◆ Dataset excerpts ◆
== Segment start ==

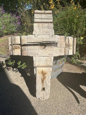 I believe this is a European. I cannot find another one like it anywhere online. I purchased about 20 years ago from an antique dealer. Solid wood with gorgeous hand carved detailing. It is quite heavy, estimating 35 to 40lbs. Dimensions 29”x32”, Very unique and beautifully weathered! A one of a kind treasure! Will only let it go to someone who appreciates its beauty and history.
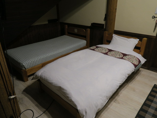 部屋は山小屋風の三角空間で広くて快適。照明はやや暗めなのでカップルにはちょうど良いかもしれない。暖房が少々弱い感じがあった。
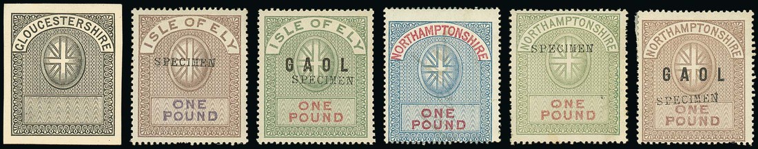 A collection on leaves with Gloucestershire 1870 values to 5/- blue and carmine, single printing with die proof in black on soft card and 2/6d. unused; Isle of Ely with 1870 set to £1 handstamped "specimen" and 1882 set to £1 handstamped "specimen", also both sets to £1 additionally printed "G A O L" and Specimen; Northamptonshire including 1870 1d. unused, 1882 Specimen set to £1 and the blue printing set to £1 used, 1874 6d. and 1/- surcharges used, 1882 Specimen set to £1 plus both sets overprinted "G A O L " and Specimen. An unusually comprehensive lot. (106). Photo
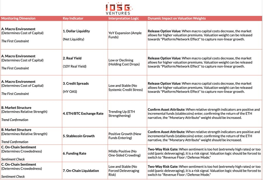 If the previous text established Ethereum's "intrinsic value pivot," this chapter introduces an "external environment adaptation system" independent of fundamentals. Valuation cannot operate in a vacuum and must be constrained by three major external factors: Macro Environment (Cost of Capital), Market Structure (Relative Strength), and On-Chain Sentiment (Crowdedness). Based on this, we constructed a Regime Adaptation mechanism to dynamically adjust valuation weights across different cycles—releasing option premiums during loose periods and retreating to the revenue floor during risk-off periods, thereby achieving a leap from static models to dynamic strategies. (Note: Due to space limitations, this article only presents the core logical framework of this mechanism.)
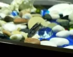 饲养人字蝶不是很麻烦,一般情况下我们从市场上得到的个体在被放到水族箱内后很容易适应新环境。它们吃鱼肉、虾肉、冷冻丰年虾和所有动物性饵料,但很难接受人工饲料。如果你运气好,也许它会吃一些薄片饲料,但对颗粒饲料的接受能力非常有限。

== Segment end ==
== Segment start ==

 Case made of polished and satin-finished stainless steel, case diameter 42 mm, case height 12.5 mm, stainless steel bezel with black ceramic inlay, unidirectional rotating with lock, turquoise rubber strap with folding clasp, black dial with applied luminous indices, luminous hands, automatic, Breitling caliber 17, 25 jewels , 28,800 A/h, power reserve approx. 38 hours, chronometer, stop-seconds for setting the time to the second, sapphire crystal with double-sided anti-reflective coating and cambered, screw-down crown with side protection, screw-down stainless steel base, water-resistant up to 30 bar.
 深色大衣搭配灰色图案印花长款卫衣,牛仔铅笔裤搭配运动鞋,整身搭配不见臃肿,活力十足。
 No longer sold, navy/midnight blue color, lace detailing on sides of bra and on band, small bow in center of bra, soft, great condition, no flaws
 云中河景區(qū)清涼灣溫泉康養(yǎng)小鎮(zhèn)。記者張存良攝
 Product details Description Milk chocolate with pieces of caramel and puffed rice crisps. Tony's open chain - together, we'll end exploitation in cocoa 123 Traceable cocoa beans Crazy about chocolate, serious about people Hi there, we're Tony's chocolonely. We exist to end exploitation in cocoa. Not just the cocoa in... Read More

== Segment end ==

◆ What to work on ◆
Return exactly the part of the listing above that opens with the line containing "I believe this" and closes with the line containing "A collection on". Pictures stay out.

◆ Final answer ◆
 I believe this is a European. I cannot find another one like it anywhere online. I purchased about 20 years ago from an antique dealer. Solid wood with gorgeous hand carved detailing. It is quite heavy, estimating 35 to 40lbs. Dimensions 29”x32”, Very unique and beautifully weathered! A one of a kind treasure! Will only let it go to someone who appreciates its beauty and history.
 部屋は山小屋風の三角空間で広くて快適。照明はやや暗めなのでカップルにはちょうど良いかもしれない。暖房が少々弱い感じがあった。
 A collection on leaves with Gloucestershire 1870 values to 5/- blue and carmine, single printing with die proof in black on soft card and 2/6d. unused; Isle of Ely with 1870 set to £1 handstamped "specimen" and 1882 set to £1 handstamped "specimen", also both sets to £1 additionally printed "G A O L" and Specimen; Northamptonshire including 1870 1d. unused, 1882 Specimen set to £1 and the blue printing set to £1 used, 1874 6d. and 1/- surcharges used, 1882 Specimen set to £1 plus both sets overprinted "G A O L " and Specimen. An unusually comprehensive lot. (106). Photo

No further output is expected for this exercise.